The first love poems that mentioned Valentine's Day date from the 15th century. However, the holiday became widespread across the USA, Canada, Mexico, France, and the UK only in the 18th century. Lovers would send cards decorated with lace, ribbons, and colorful lettering. While most were affectionate and romantic, some cards included puns and sassy remarks as some cruel souls would pick this day to let their loved ones know they had set their eyes elsewhere.
Thus, with lovers wanting to celebrate each other or ditching another with cheeky cards, a new industry was born. In the US, Esther Howard is the name behind the first enterprise of handmade cards made to make anyone fall in love. Her father owned a paper business, which allowed her to find the supplies to create beautiful handcrafted cards with ribbons and lace.

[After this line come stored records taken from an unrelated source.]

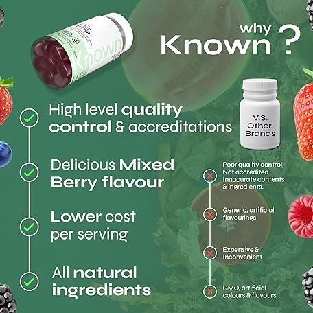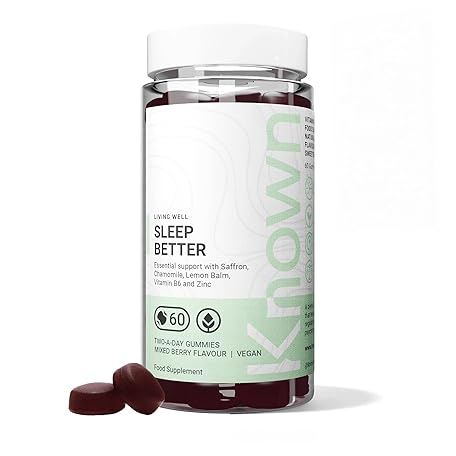 Sản phẩm Known Tasty Sleep Better Gummies - Sugar-Free - Saffron, Lemon Balm, Chamomile & B6 - Natural Mixed Berry Flavour - 60 Vegan Gummies, 1 Month Supply đang được bán với giá ưu đãi là $17.4073 tại nước Anh.
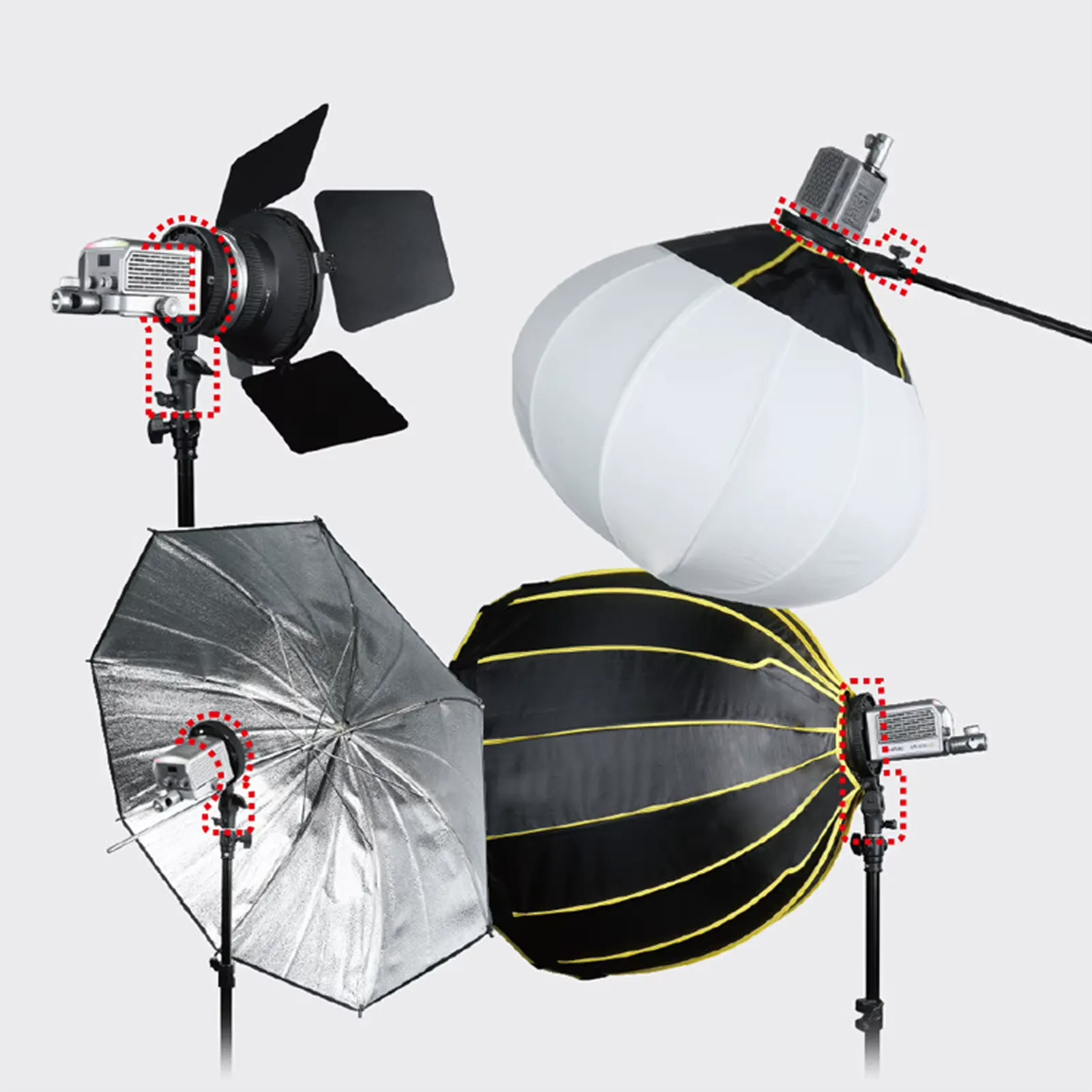 1. Compatibilidade Universal: converte a montagem Mini Bowens (tipo B) para padrão Bowens, permitindo o uso de inúmeros acessórios de iluminação profissionais.
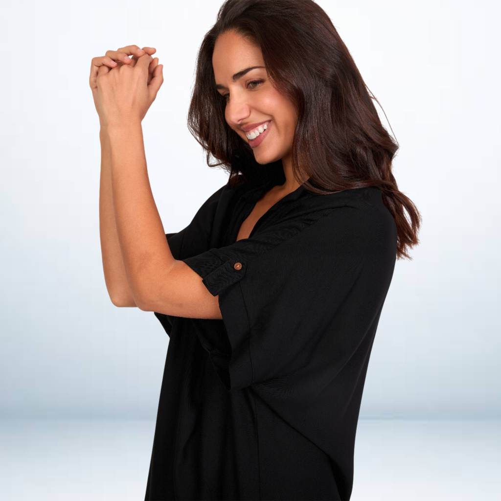 The free size design fits up to a 48" bust, with a flowy 48" length, making it a versatile piece for various occasions—whether it's a casual day out, a vacation, or an evening gathering.
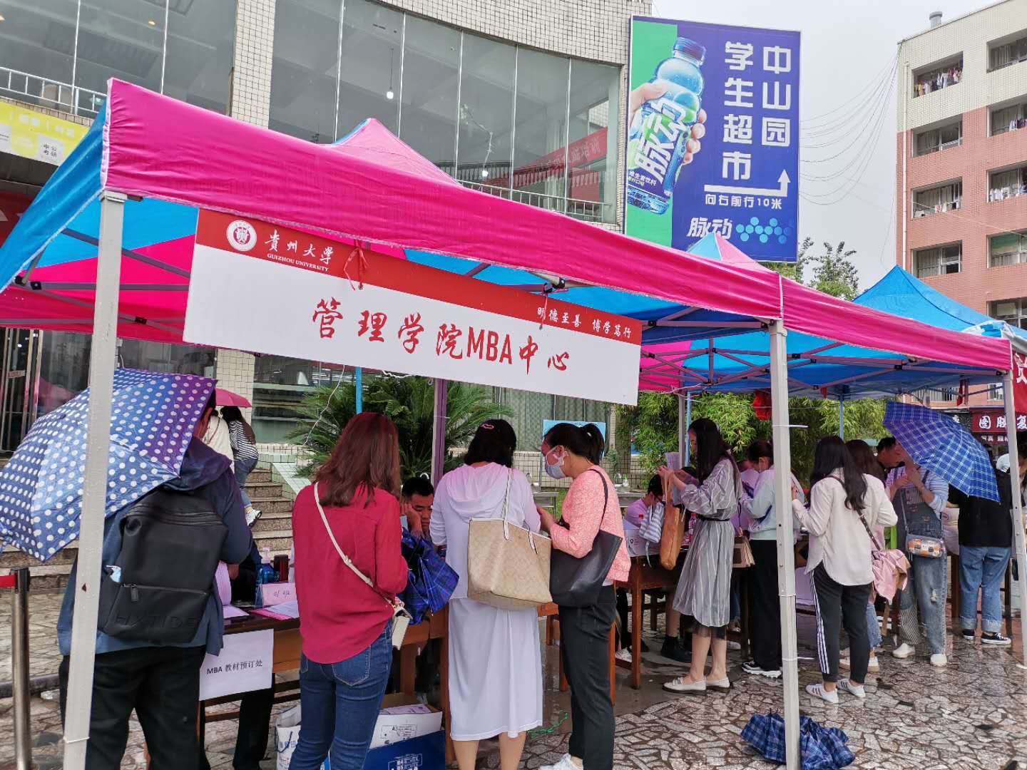 911日,leyuMBA教育中心在贵州大学中山园组织了新生迎接工作。天空一直飘雨,但丝毫没有影响新学员来校报到的热情,当天共迎接2020MBA新学员300余名。

Demand grew so much that it became a big business known as the “New England Valentine Company”. Without delay, other companies started competing in the market, and soon the business diversified by offering a wide range of greeting cards yearlong.
At the start of the 20th century, the most famous greeting card company was born in 1910: Hallmark. Today, greeting cards are not as popular, and e-cards have not found their way into consumers' hearts. However, Valentine’s Day still champions cards as a way to celebrate, and greeting cards for this holiday make up 25% of all sales each year.
Valentine’s Day is a money-making machine; it is only second to Christmas when it comes to money spent by consumers. In the 1980s, other industries wanted in. Jewelry brands launched massive campaigns to make their way into the myriad of products deemed perfect for Valentine’s. The chocolate industry feels the love when 86% of consumers in the US say they plan to buy chocolate to celebrate the holiday. Other industries like lingerie and teddy bears also look forward to Valentine's.
Even those who decide not to celebrate the traditional way can buy funny and sarcastic mugs and t-shirts. Even restaurants and bars offer creative alternatives for people who prefer to have a night out with friends or to celebrate their singleness.
Although it is often said that this is a made-up holiday intended to get consumers to spend, the truth is that people enjoy Valentine's Day and have done so for centuries. What is more, Valentine's is celebrated all around the world because love is universal.